Note: You can change the number of fold cross-validation and number of repetitions but the computational time will increase.
train.control <- trainControl(method = "repeatedcv",
number = 5, repeats = 3)
model_rf3 <- train(as.character(group) ~., data = data, method = "rf",
trControl = train.control)
# Summarize the results
print(model_rf3)
model_rf3$finalModel
model_rf3$resample # accuracy per Fold and replication
# confusion matrix for the 5Fold with 3 repetitions
confusionMatrix(model_rf3,reference = as.character(data$group))

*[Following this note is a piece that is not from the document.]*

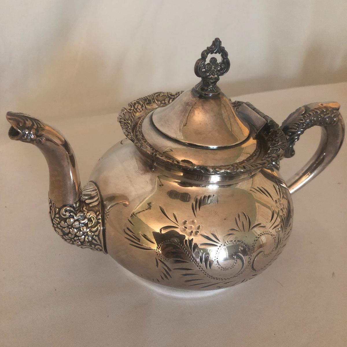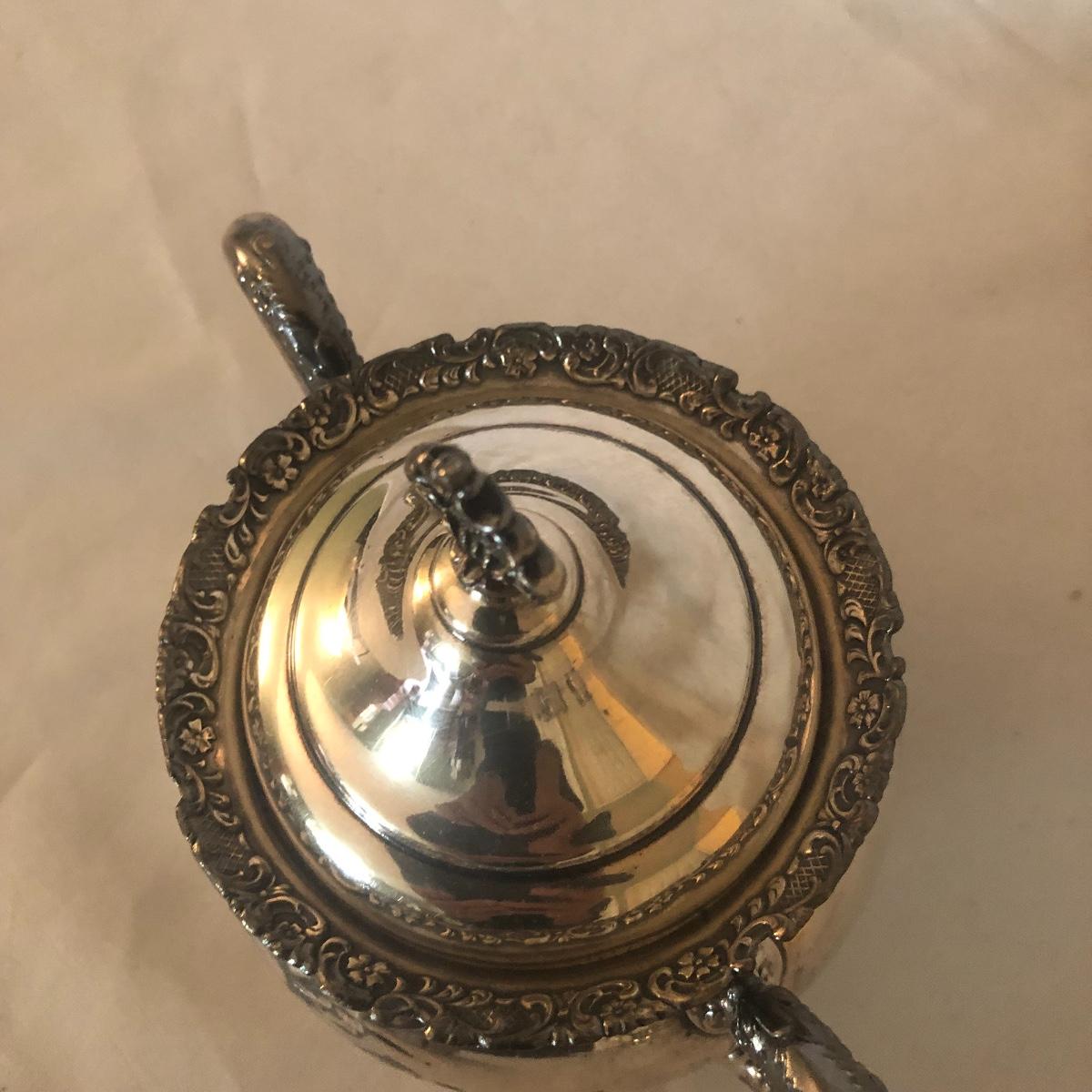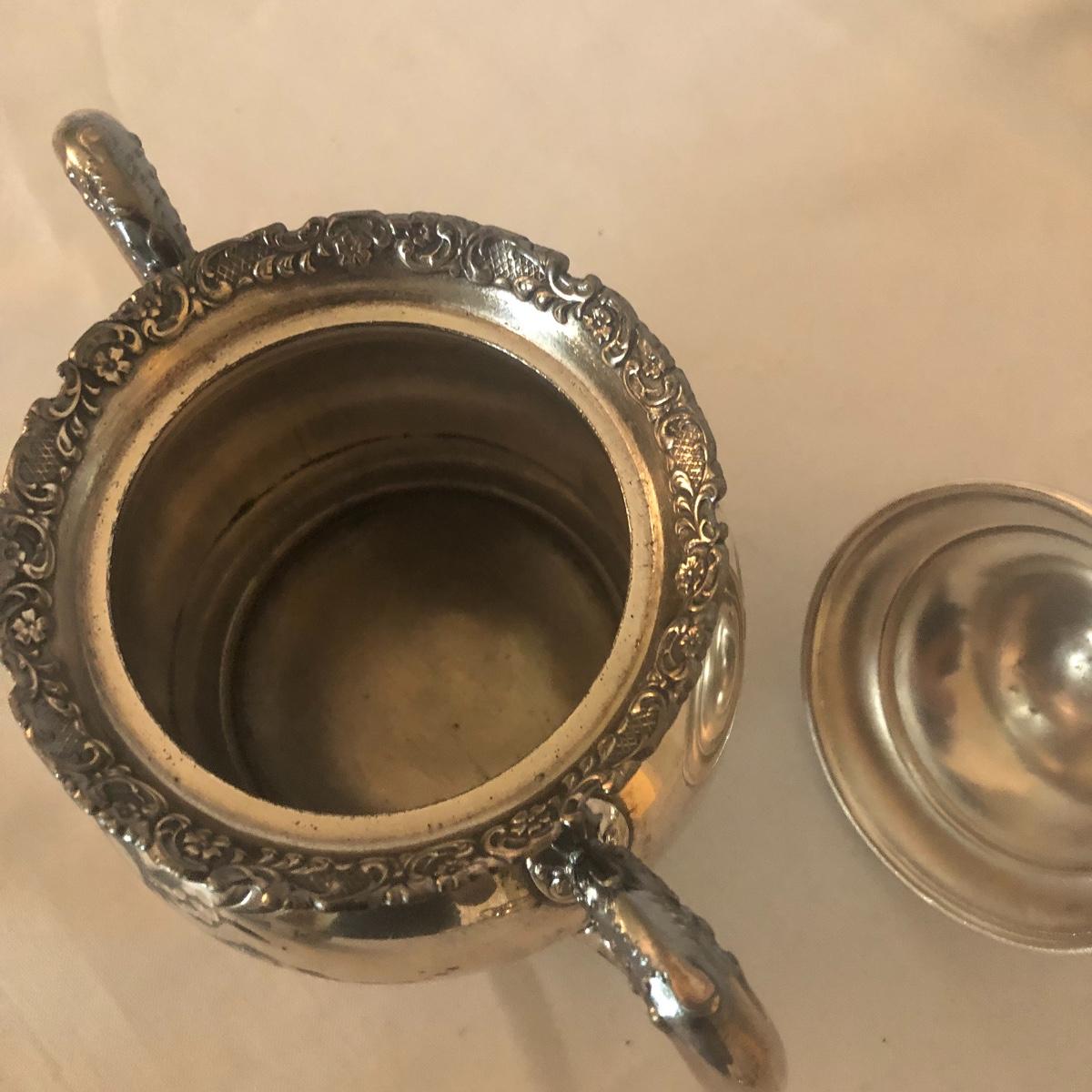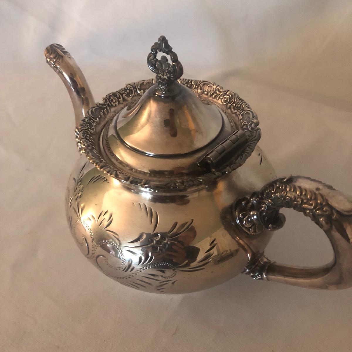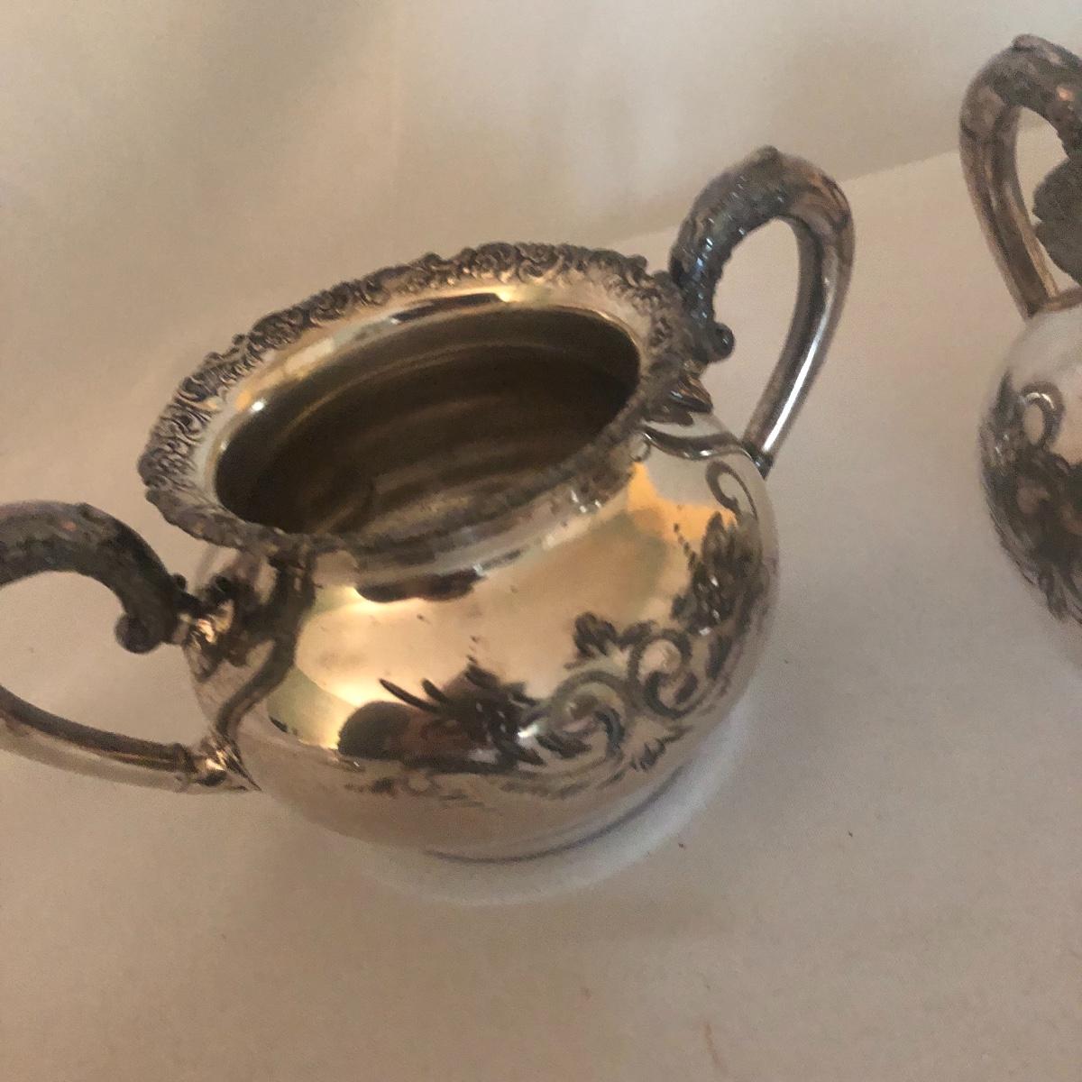 There are six pieces to this set: a tray, cream and sugar set, a teapot, a bell and lidded handled bowl. The bottom of the pieces read, “Patd May 10 1899” and “The Van Bergh S.P. Co. Rochester NY” and “Made in the U.S.A.” and “ Quadruple Plate.” Please note the blemishes on the pieces. The tray 23.5” x 14.5”. Shipping Available.

model_knn3 <- train(as.character(group) ~., data = data, method = "knn",
trControl = train.control)
# Summarize the results
print(model_knn3)
model_knn3$finalModel
model_knn3$resample # accuracy per Fold and replication
# confusion matrix for the 5Fold with 3 repetitions
confusionMatrix(model_knn3,reference = as.character(data$group))
Q13: Compare these models (accuracy and optimal parameters) to the ones of the previous section (3.1.1 and 3.1.2). What can you conclude?
We will now investigate the impact on the accuracy of our predictive model if we do a “one-leave-out” cross-validation. In this case, every sample has the opportunity to be used as the test set.
train.control <- trainControl(method = "LOOCV")
model_rf_olo <- train(as.character(group) ~., data = data, method = "rf",
trControl = train.control)
# Summarize the results
print(model_rf_olo)
confusionMatrix(model_rf_olo,reference = as.character(data$group))
model_knn_olo <- train(as.character(group) ~., data = data, method = "knn",
trControl = train.control)
# Summarize the results
print(model_knn_olo)
confusionMatrix(model_knn_olo,reference = as.character(data$group))
Q13: Reflect on all the different approaches you used in this COO. What is the best approach to predict which Atopic Dermatitis patients will be difficult-to-treat (ie won’t respond to treatment)? Explain your answer.
In this module we have learned how to define training and test sets and to build predictive models using two classification approaches (random forest and k-nearest neighbors). We also used different sort of cross-validation and applied them to both classification approaches. Finally, we have computed some quantitative quality indicators of these models (accuracy, sensitivity, specificity, PPV and NPV) using the confusion matrix.